Bebês perfeitos - Mas a missão de Raël na Terra não se resume a gozar a vida. Entre suas atribuições está a construção de uma embaixada para o retorno dos deuses ETs e a preparação do mundo para aceitar a tecnologia. Dentro desse cardápio estão os transgênicos e, claro, os clones, que representam a extensão do poder humano de criação. Além da não menos polêmica manipulação genética para gerar bebês mais inteligentes, mais bonitos e com certas inclinações artísticas ou físicas.
Acompanhado de um séquito de homens e mulheres exuberantes e de riso fácil, Raël veio ao Brasil também para estudar a viabilidade de construir um hotel de luxo onde os abonados curtiriam a praia, congelariam suas células para curar doenças no futuro, e levariam amostras de DNA para produzir clones. Ele ainda negocia a criação de uma associação para proteger os direitos das crianças clonadas, que evitaria ameaças como a da Justiça americana, que nomeou um tutor para cuidar dos bebês.

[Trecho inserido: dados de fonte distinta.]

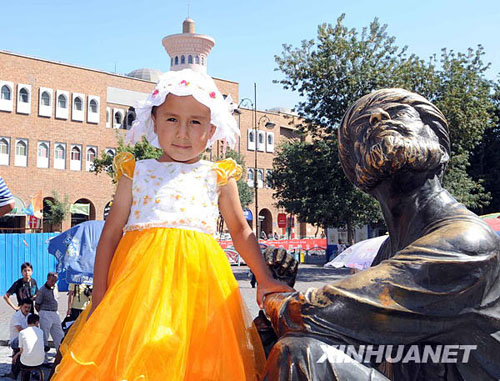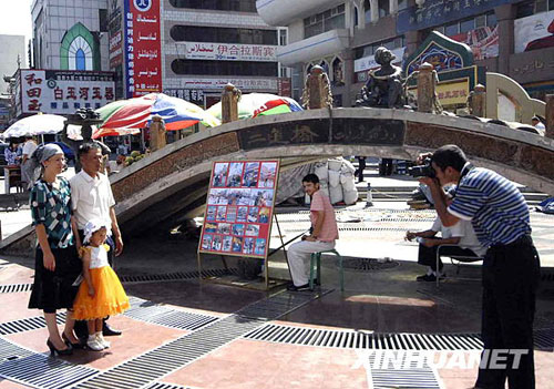 7月21日,父母帶著阿爾孜古麗在烏魯木齊二道橋附近留影。新華社記者章磊攝

A primeira escolha é o Brasil, já que um casal de advogados brasileiros candidato à clonagem ofereceu sua assessoria jurídica. Sob o pretexto de manter a privacidade dos bebês-cobaias e de seus pais, Brigitte não pretende mostrar provas científicas de seus feitos. A partir de junho, porém, ela começa a cobrar o valor de tabela pelo trabalho, US$ 200 mil.
Por mais que Vorilhon insista, é difícil separar a seita da Clonaid, a empresa presidida por Brigitte. A seita é abastecida pela colaboração anual de US$ 60 dos devotos, embora o guru sugira o pagamento mínimo de 3% de seu salário bruto. Já a Clonaid é mantida por investidores cujos nomes são mantidos em sigilo, muitos deles interessados em imortalizar parentes falecidos.
Sem fé em Deus ou na alma, o mentor que se diz meio-irmão de Jesus Cristo defende um embargo de petróleo até que as tropas anglo-americanas deixem o Iraque. Raël chegou a escrever a Yasser Arafat sugerindo que ele fosse o Mahatma Gandhi palestino. "Ele deveria se vestir de branco, levar dez mil seguidores à rua e fazer uma greve de fome até morrer. Assim como Ghandi estava disposto a morrer pela paz, sem violência", explica. Em tempos de guerra, injustiça e medo, é comum emergirem seres que se comparam a Deus e se agrupam, numa espécie de loucura coletiva. Para o filósofo britânico Thomas Hobbes, é mais um sinal do "rugido indisciplinado de um mundo problemático".